■ What needs to be done: When you reach the line with "DaVita Physicians can" in the listing below, write out that line and every one after it exactly, and skip the pictures.

(Beginning of Provided data)

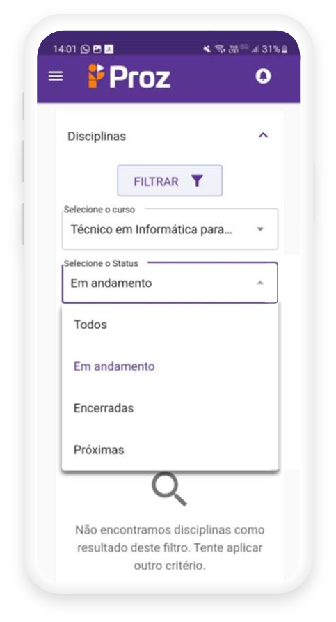 Selecione o status da disciplina que deseja consultar e o aplicativo apresentará as disciplinas de acordo com sua seleção.
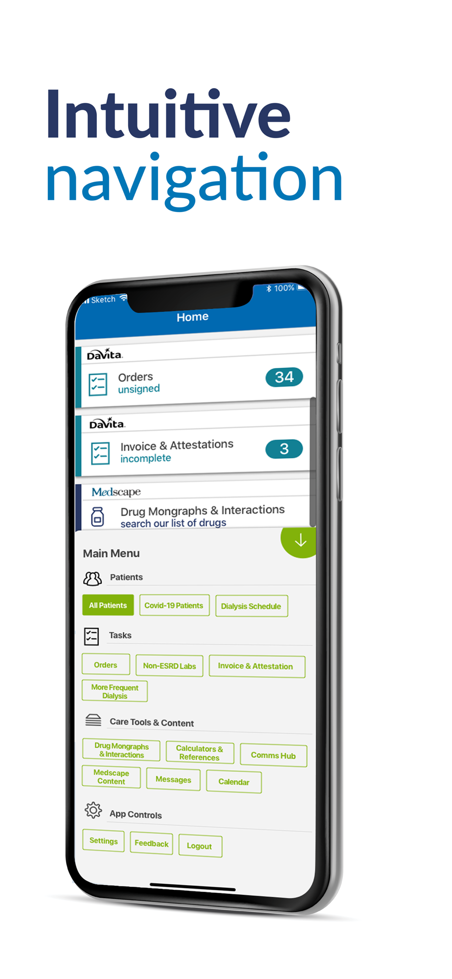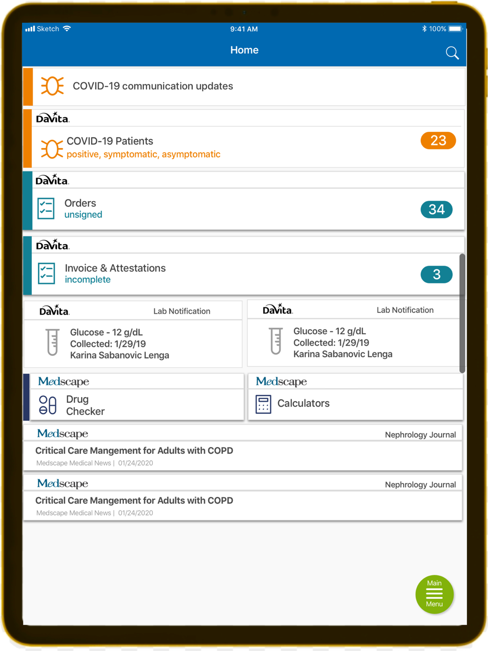 DaVita Physicians can now use one application to review orders, access Cureatr text messages, read communications, complete Medical Director attestations, search for and review patient information – including demographics, labs, medications, completed encounters and more all from their iPhone.
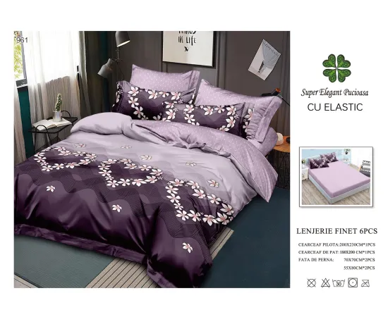 - cearceaf pentru pat cu elastic 180x200cm - cearceaf pentru pilota 200x230cm - 2 bucati fete de perne 50x75cm + 2 bucati fete de perne 70x70cm
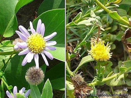 總苞半球形呈碗狀,苞片2、3層。頭花直徑2.5~4cm。舌狀花(邊花)花冠淡紫色,筒狀花(心花)花冠黃色[上圖];有些族群缺舌狀花,頭花呈現黃色半球形狀[下圖]。瘦果倒卵形,冠毛兩型,舌狀花白色,筒狀花褐色。

(End of Provided data)

■ Answer area:
 DaVita Physicians can now use one application to review orders, access Cureatr text messages, read communications, complete Medical Director attestations, search for and review patient information – including demographics, labs, medications, completed encounters and more all from their iPhone.
 - cearceaf pentru pat cu elastic 180x200cm - cearceaf pentru pilota 200x230cm - 2 bucati fete de perne 50x75cm + 2 bucati fete de perne 70x70cm
 總苞半球形呈碗狀,苞片2、3層。頭花直徑2.5~4cm。舌狀花(邊花)花冠淡紫色,筒狀花(心花)花冠黃色[上圖];有些族群缺舌狀花,頭花呈現黃色半球形狀[下圖]。瘦果倒卵形,冠毛兩型,舌狀花白色,筒狀花褐色。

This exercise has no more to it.